As I too would prefer not to read over a several thousand word thesis, I will make an attempt to make the following as concise as possible.

Here are a few final concepts I would like each and everyone to consider, if they truly desire success in basketball, sport or life in general.

Talent vs Skill:

This is a concept I have derived from Will Smith, and something which is very misunderstood. I, am a very untalented person. In fact, one of the very few talents I do have, is a work ethic. Some people may think “But aren’t you kind of talented basketballer?”- the answer is no. Talent is something that is given to your naturally, something that you are either born with (such as height or coordination), whilst skill is something which is developed over a time frame, and through repetition or practice.

The importance of mental toughness:

As you may have understood from my stories, any successes I have experienced throughout my short career, are due a relentless determination, and will to persevere through adversity. You MUST understand…… every time you find yourself struck by hardship or pain, it is an opportunity to rise, learn and grow. As a side note, it is a sweet taste knowing that those who once doubted you, are now those who preach about you.

Basketball organisation:

For those who are desperately trying to find a way to develop or expand their game, I would strongly suggest spending the best part of your week PLANNING and BREAKING DOWN the areas which need to improve, and then developing a method of attacking these areas. In my opinion, 10 minutes of intense, purposeful work, is worth more than 3 hours of fadeaway threes and half court attempts.


This is something which I have never found too hard to do, as I have never been attracted to the alcohol, party, or social scene, but if you want to be the best in this game, you must be willing to make some substantial sacrifices (as cliche as it sounds). Although it seems petty and stupid, as a self-rewarding system, everytime I see my peers or opponents out in town, abusing alcohol, or taking drugs, I find a way to hit the gym or workout, so that I am 100% sure that whilst my competition is out there taking backwards steps, I’m taking leaps and bounds forwards.


The world is temporary:

This is something which has been looming on my mind ever since I was young. One day, I will die, the sun will fall from the sky, and the universe may very well be doomed. But what will remain? Your legacy, and your EFFECT on civilisation. What is the use in being average? Why be just another number in this world? Why let the people around you determine you and your future? If you want something, go get it, it is the only way- you will find a way if you want it bad enough.

The process.

How does all of this tie in? How will it help you? Well, it will help you as much as you allow it. I’m not asking you to follow in my footsteps as I haven’t achieved my capacity as of yet- aim to create your own journey, and own process.

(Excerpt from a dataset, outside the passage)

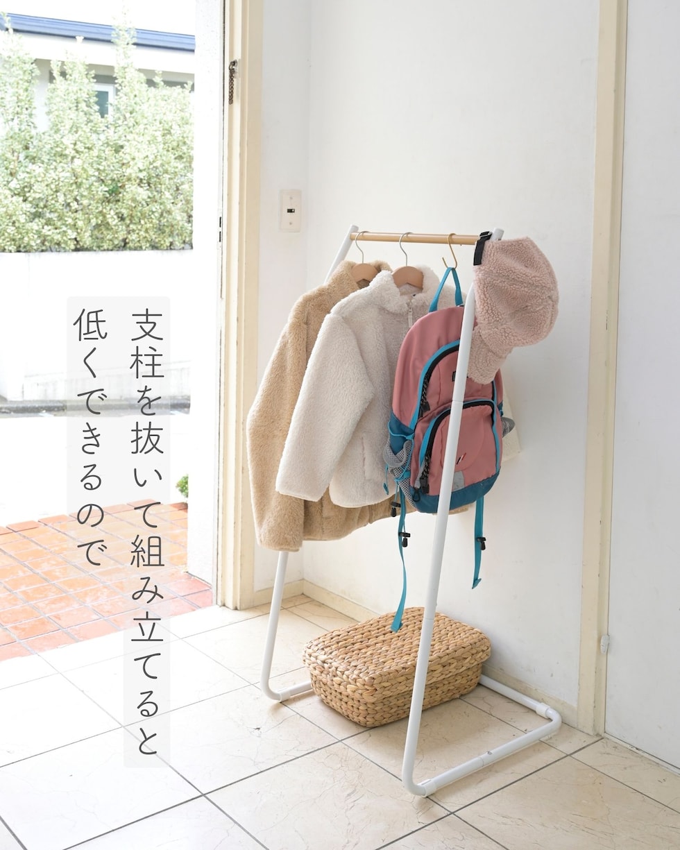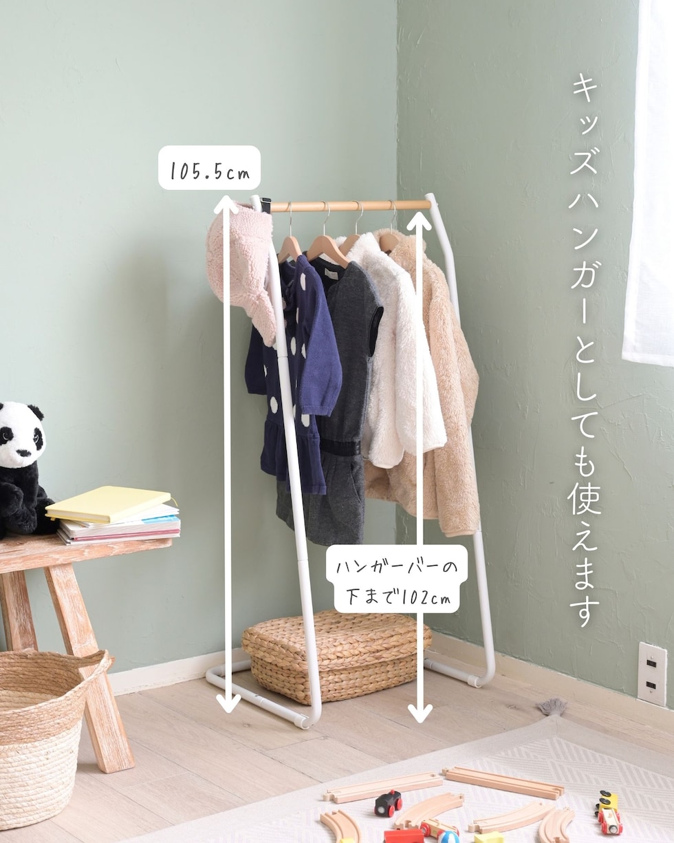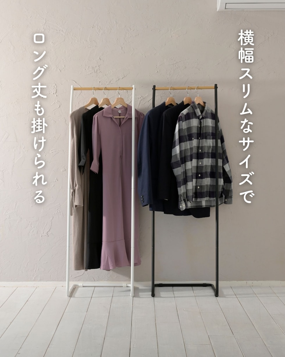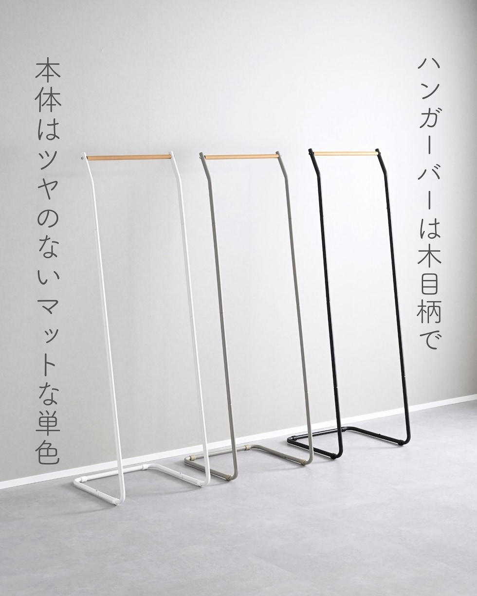 | 商品説明 | ※2025年9月よりグレージュ色が追加となります。 ●シンプルでスリムなハンガーラック ●コートやワンピールを掛けられる、ロング丈対応モデル ●玄関やリビング、寝室でも邪魔にならない質素な外観 ●軽いので使いたい場所へ移動もらくらく ●ポールを一本外してキッズハンガーとしても使用可能 ●キッズハンガー時のサイズ: 高さ約105.5cm、床からハンガーパイプ上まで104、下まで102cm ●耐荷重: 7kg ●ハンガーバー内寸: 幅41 高さ142.5cm |

The entire essence of this entire blog is based around the process, which saw me experience a life and career changing transformation. What I’m trying to say is…. The reason you may not be where you wanna be at this point, could be completely out of your control. In my eyes, success is dependent on opportunity. At the start of this year I had very few basketball credentials, and I had my doubts in myself. However, as detailed, I stuck to my process and those things I could control- I MADE SURE I would be ready if an opportunity arose. Sure enough, I was fortunate enough to have the honour of representing my state as a bottom-age at the u20 National Championships in February. Just weeks later, I found myself in Germany representing my country. I’m not saying “I’ve made it”, or that I should be idolised, but it is simply a thought.

Basketball is a very unpredictable sport. For some, the road to the top requires years of failure. For others, everything may fall into place instantly. Regardless of your path in this sport, and in this life, if you apply yourself, your opportunity will come…… will YOU be ready for it? I know I will be.

I plan to write again in the near future, but I hope you have enjoyed listening to some of my story, and have learned from some of the concepts I have developed over the first 17 years of this project.